Tiny Butler - the 4,500-student private university that rarely charters flights, doesn't boast athletic dorms and plays in the nearby gym where the movie "Hoosiers" was filmed - will take on the fairy tale role when it faces the Blue Devils for the national basketball championship at Lucas Oil Stadium tonight.
Just don't expect the Bulldogs to turn into pumpkins at midnight.
"I think they're one of the best teams in the country," said Krzyzewski, whose program - cast in the role of wicked stepmother, again - will be playing for its fourth national title. "I think Cinderella would be if somebody had eight, nine losses and pulled some upsets, stuff like that, ... [but] they've beaten Syracuse and Kansas State and Michigan State."
Not to mention 30 other teams this season. The defensive-minded Bulldogs boast a nation-leading 25-game win streak; their 118 victories over the past four seasons are the fourth-highest total of any NCAA Division I team.
"If you look at our record, we've had success since I came here," senior forward Willie Veasley said. "We took Tennessee, my sophomore year, to overtime [in the NCAA tournament]. We battled the SEC champs, LSU, last year. If you want to call us that, you can - but I don't consider us a Cinderella."
Still, it's hard not to embrace the storybook aspect of Butler's journey.
The Bulldogs' baby-faced coach, Brad Stevens, gave up his 9-to-5 marketing job 10 years ago to pursue his coaching dream. At 33, he'll be the second-youngest ever to patrol the title-game sideline.
Their point guard, Ronald Nored, was shooting just 25 percent from the free-throw line in the NCAA tournament when he buried two free throws with 6.1 seconds left Saturday night to help beat Michigan State 52-50.
"When I signed, my friends asked, 'Is Butler even D-I?'" Nored, a sophomore on the NCAA Division I team, remembered Sunday, laughing.

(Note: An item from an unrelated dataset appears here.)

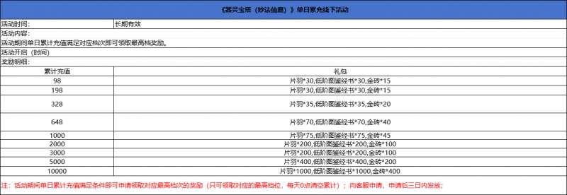活动一:转游福利 活动时间:永久 活动规则:需向客服提交其他游戏充值记录申请,每个账号每个活动仅限参与一次 发放方式:申请后,我们会在两个工作日内发放 活动一:转游大回馈,根据上一个游戏充值总额, 我们将免费提供这期间20%x总充值全额x充值比例(1: 100)的元宝做为转游福利 1、成功创角角色后发放:8% 2、创建角色后第三天发放:5% 3、创建角色后第五天发放:7% 备注:上个游戏充值金额上限最高是10万,超过10万也按照10万来算 活动二:充值转游福利 活动时间:仅限制于开服前7天内才可以参与活动,超过7天活动失效 转游玩家在当前游戏充值: 单日充值1000元可申请:额外100000元宝返利 单日充值3000元可申请:额外300000元宝返利 单日充值5000元可申请:额外500000元宝返利 单日充值10000元可申请:颔外1000000元宝返利 |

Now they know. Everyone knows.
Forward Gordon Hayward, one of 10 Indiana kids on Butler's roster, was asked for his autograph in church Easter morning. If they are required to attend class today, Nored and Veasley figure there will be more talk of defensive strategy and outside shooting than of physics or calculus or history.
"I think the days of being anonymous are over," Veasley said.
After the win over the Spartans, according to The Associated Press, a sign on Butler's campus, just six miles away, read, "Let's win this one for all the small schools that never had the chance to get here."
It was quoting from a line in the movie "Hoosiers," before fictional underdog Hickory High won the Indiana state basketball championship.
But those scripted words have some truth to them.
If fifth-seeded Butler can pull the upset over the top-seeded Blue Devils, the Bulldogs would become the first team to win the championship from outside the big-time basketball mainstream since 1966, when Texas Western (now UTEP) upset Kentucky.
It adds yet another aspect to the Cinderella story - if the glass slipper doesn't exactly fit.
"If I wasn't playing them, I probably would root for them," said Duke senior Lance Thomas.